▶ Exercise directions
Please give back, exactly as written, the lines from the line with "Silverline 850W 3.5J" to the line with "As I delve into" in the listing below, leaving out all pictures.
*** Opening Material provided ***
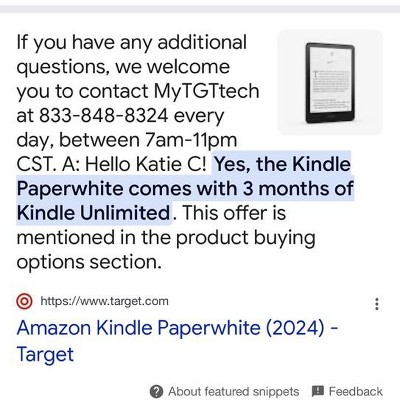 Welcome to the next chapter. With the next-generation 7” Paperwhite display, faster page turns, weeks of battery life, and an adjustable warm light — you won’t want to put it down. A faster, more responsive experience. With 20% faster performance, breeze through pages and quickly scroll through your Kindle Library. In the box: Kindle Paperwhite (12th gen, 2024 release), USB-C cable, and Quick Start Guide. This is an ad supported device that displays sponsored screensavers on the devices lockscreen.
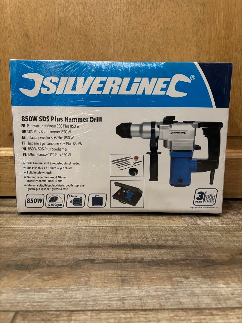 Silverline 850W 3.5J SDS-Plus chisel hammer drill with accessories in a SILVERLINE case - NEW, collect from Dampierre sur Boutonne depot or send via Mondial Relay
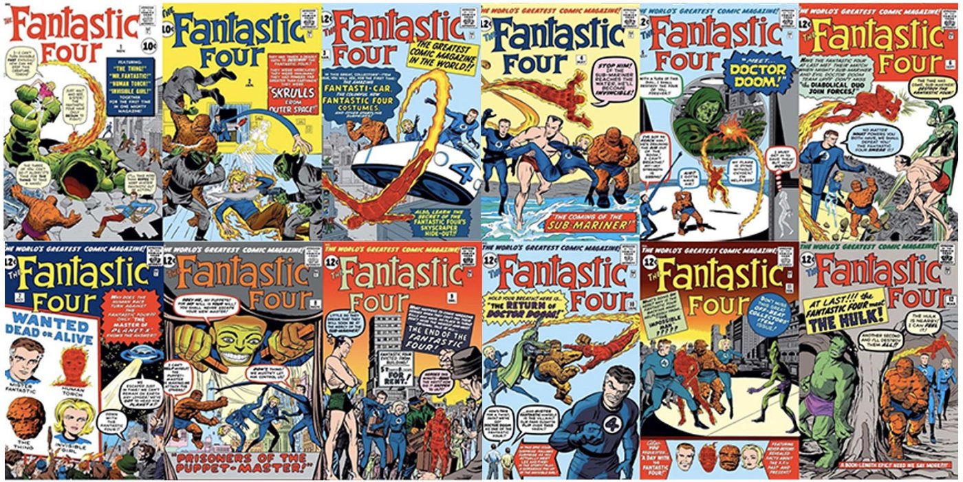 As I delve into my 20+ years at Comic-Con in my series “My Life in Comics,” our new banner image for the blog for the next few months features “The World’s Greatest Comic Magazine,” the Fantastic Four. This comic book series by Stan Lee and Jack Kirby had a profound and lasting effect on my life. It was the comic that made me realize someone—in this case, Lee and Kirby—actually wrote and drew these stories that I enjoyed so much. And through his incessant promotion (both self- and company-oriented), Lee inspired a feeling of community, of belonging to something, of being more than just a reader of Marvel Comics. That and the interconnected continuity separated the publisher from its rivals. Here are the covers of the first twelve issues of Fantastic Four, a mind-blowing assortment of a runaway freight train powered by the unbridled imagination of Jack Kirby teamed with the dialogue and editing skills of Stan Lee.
*** Closing Material provided ***
*** Opening Material provided ***
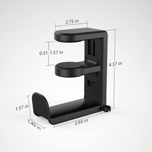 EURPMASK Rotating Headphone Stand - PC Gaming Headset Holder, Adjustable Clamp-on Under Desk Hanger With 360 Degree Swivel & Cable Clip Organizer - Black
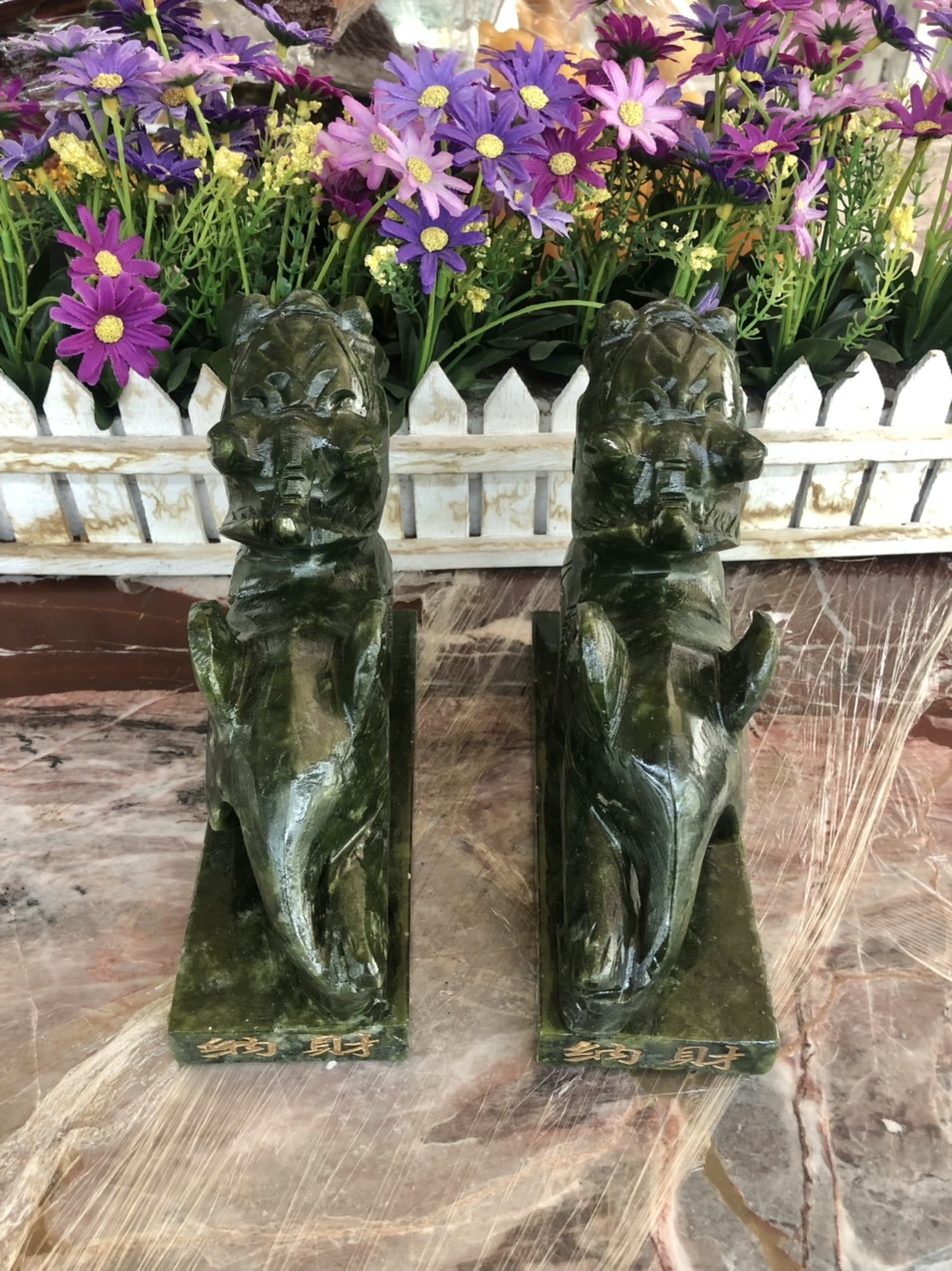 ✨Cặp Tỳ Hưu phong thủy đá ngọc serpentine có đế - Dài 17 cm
*** Closing Material provided ***
▶ Answer space
 Silverline 850W 3.5J SDS-Plus chisel hammer drill with accessories in a SILVERLINE case - NEW, collect from Dampierre sur Boutonne depot or send via Mondial Relay
 As I delve into my 20+ years at Comic-Con in my series “My Life in Comics,” our new banner image for the blog for the next few months features “The World’s Greatest Comic Magazine,” the Fantastic Four. This comic book series by Stan Lee and Jack Kirby had a profound and lasting effect on my life. It was the comic that made me realize someone—in this case, Lee and Kirby—actually wrote and drew these stories that I enjoyed so much. And through his incessant promotion (both self- and company-oriented), Lee inspired a feeling of community, of belonging to something, of being more than just a reader of Marvel Comics. That and the interconnected continuity separated the publisher from its rivals. Here are the covers of the first twelve issues of Fantastic Four, a mind-blowing assortment of a runaway freight train powered by the unbridled imagination of Jack Kirby teamed with the dialogue and editing skills of Stan Lee.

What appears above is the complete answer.